30 year mortgages are standard in the US. If the bank thought that in 28 years the house would be a foot underwater they wouldn't agree to a 30 year mortgage. 30 years or 50 years depends on which projections you are listening to


"The market can remain irrational longer than you can remain solvent" - John Maynard Keynes


>If banks believed there was a serious risk of sea levels rising they would put a discount instead of a premium on waterfront property

Banks aren't the ones setting prices on properties.
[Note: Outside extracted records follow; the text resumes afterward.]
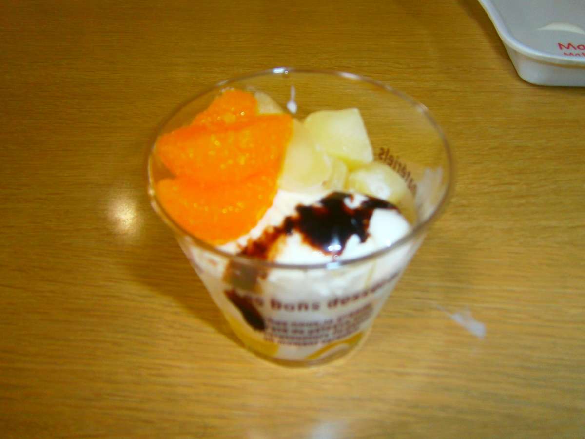 そして誕生日会のおともはというと、今回はアイスクリームと果物をトッピングし、チョコソースをかけたものをお出ししました!
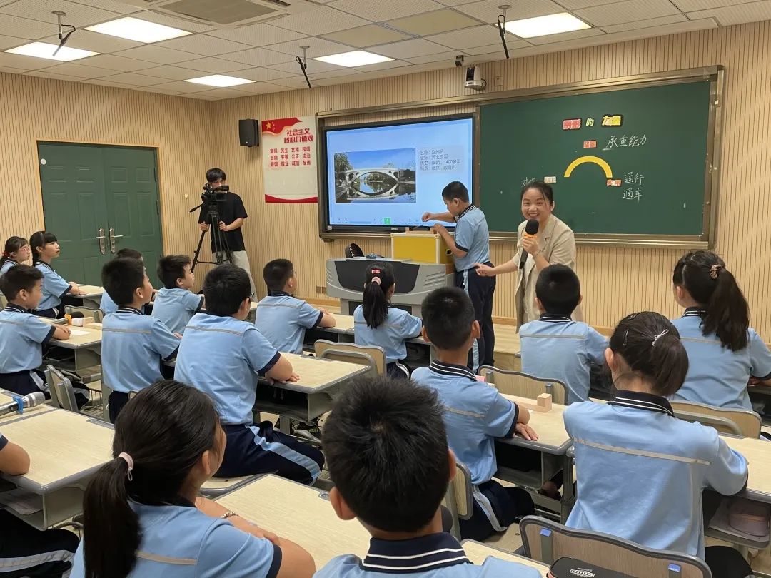 第一节科学课《拱形的力量》由滨海小学孙娜老师执教,采用层层递进的方式,引导学生探究7种不同高度的拱形的承重能力,借助电子书包收集处理分析数据。在此基础上,重点启发学生讨论李春在建造赵州桥时综合考虑的因素。最后,赵州桥模型的展示和承重力测试将课推向了高潮。
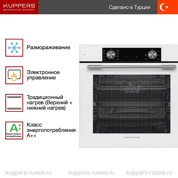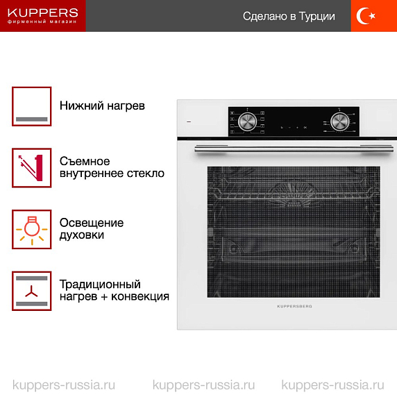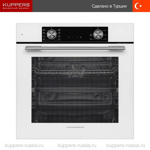 Духовой шкаф Kuppersberg HF 608 W представляет собой современное и функциональное решение для любой кухни, выполненное в элегантном белом цвете с контрастной черной фурнитурой. Его полноразмерный корпус идеально вписывается в нишу размером 60×56×55 см, обеспечивая удобство встраивания и гармоничное сочетание с интерьером. Высота и ширина устройства составляют 59,5 см, а глубина — 56,7 см, что позволяет разместить его даже в компактных кухонных гарнитурах. Изделие произведено в Турции, что гарантирует высокое качество сборки и надежность в эксплуатации. Электрический способ подключения обеспечивает стабильную работу и равномерный нагрев внутри камеры объемом 80 литров, позволяя готовить блюда любых размеров и сложности.

And no one should base anything on the actions of banks because financial institutions generally know to basically sell off the risk as soon as possible (although that can come back to bite them as it did with the subprime thing, where they sold it off, but then many of them made bets on those risks). Their window of exposure is generally extremely small, and they'll keep dancing as long as the music keeps playing.

Further markets are irrational, and always have been. Even if you are absolutely certain that Miami is going to be devastated by climate change, for instance, you might still buy an overpriced oceanfront mansion because you know that you'll be able to find either a sucker or someone with the same assessment when the time comes.


If you have millions to spend on property, you may have millions to throw away. Elon Musk wasted billions on Twitter, so it’s no surprise that smaller wealth might be willing to waste a few million on a house.


This. People aren't wealth-maximisers all the time..

Also, people aren't rational or well-informed all the time.



Nationwide recently said they will no longer provide plans in coastal regions, excluding many of the population centers of the US. They should be required to either cover everyone or no one, just like health insurers supposedly do.


Gonna disagree here. At some point, people have to do the same due diligence the insurance companies have done. Anyone building a sea level house in the keys shouldn't be surprised that insurance won't cover them. And no company should have to..


You don’t have a choice of which body you inhabit. You definitely have a choice of home you inhabit.


They probably want to move in the direction of health insurance - which is to basically take on no risk, have the state mandate you have it anyway, and charge you a lot of money for almost nothing.


They never liked it. Now, acting in collusion, they can have the perfect excuse to do so without looking like a cartel.